Sejumlah media daring di Sumatera Barat, mengaku bahwa pemasukannya semata-mata dari dana pemda, sehingga tidak mungkin menggaji wartawan secara tetap, selain dari honor tulisan berita pemda.

Di Palembang, masih ditemukan jurnalis perempuan yang masuk keluar kantor pemerintah atau perusahaan-perusahaan hanya untuk mencari iklan.

Ada yang merangkap sebagai kontraktor.

Dalam pertemanannya di lapangan, jurnalis perempuan juga sulit melepaskan diri dari praktik kloning berita atau ikut bergerombol menemui sumber berita agar mendapat amplop.

Praktik jurnalis merangkap pencari iklan di media, tidak saja melanggar etika, namun juga akan mempengaruhi kredibilitas berita, serta kepercayaan masyarakat Indonesia atas profesi wartawan.
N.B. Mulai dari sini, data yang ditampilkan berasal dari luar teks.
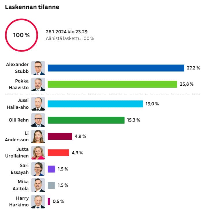За Стубба проголосовало 27,2% избирателей, а за Хаависто — 25,8%.

Dengan potret tempat bekerja redaksi yang masih minim seperti itu, dan penghasilan yang tidak menentu, tentu akan berdampak pada citra jurnalis perempuan sebagai profesi.

Bentuk lain

Kalau selama ini asumsi bahwa perempuan menjadi subordinat karena ada dominasi kaum laki-laki, ternyata ada kekerasan bentuk lain, yakni antara perempuan dengan perempuan.

Jurnalis perempuan juga menemui masalah tersendiri dan seringkali merasa tidak nyaman ketika yang menjadi bos adalah perempuan dan anak buahnya perempuan, karena masih kental dengan unsur emosional.

Jumlah perempuan Indonesia yang lebih banyak dibanding laki-laki sebenarnya merupakan suatu peluang untuk bersama-sama mendobrak kekuasaan laki-laki.